Currently, quantization is validated only in Llama models.
Measurements are device dependent - Don't use measurements collected on Gaudi3 on Gaudi2 accelerators as it might cause accuracy issues.
Running Inference in FP8 with INC:
Specify quantization method "inc" and kv cache dtype "fp8_inc" as parameters to the the LLM object.
It will require to set an environment variable "QUANT_CONFIG" which will point to a 'JSON config file' (https://docs.habana.ai/en/latest/PyTorch/Inference_on_PyTorch/Quantization/Inference_Using_FP8.html#supported-json-config-file-options) in QUANTIZE mode. Make sure there are measurement files/scale files in the folder specified as the "dump_stats_path" in the json config file. (If none exists, scale files are generated during the inference run using the measurement files)

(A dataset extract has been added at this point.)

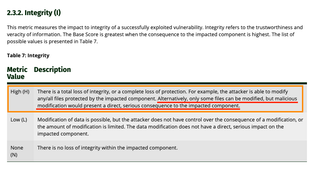The Integrity rating is the heart of this, and it's why this should be rated as 'Important' in Microsoft's vernacular. If we consult the CVSS v3.1 documentation, we can see that they give examples of what would constitute Low or High for the Integrity metric.
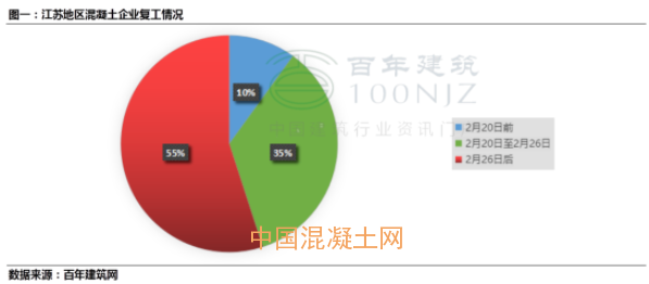 截至2月20日,選取江蘇地區(qū)100余家混凝土企業(yè)作為樣本進行開(復)工調(diào)研。據(jù)調(diào)研顯示,10家混凝土企業(yè)已在2月20日前復工,35家混凝土企業(yè)將在2月20日至2月26日復工,55家混凝土企業(yè)計劃在2月26日之后復工。正月十五以后,江蘇地區(qū)半數(shù)混凝土企業(yè)將正常復工,但是攪拌站整體出貨量較少,產(chǎn)銷情況不多。春節(jié)假期之后,多數(shù)施工企業(yè)尚未復工,且勞務人員到位情況一般,江蘇地區(qū)混凝土市場需求量不佳,預計正月十五之后,上下游企業(yè)將會全面實現(xiàn)復工復產(chǎn)。

At the end of the run, the model executor's shutdown method must be called.
More information on vLLM quantization using INC will be shown here (added in this PR): https://github.com/vllm-project/vllm/blob/main/docs/source/features/quantization/inc.md
This PR adds a new flag "weights_load_device" which allows uploading the model's (unquantized) weights onto a different device than the device on which the model will run. If not provided the behavior is kept by using the device specified in the device config.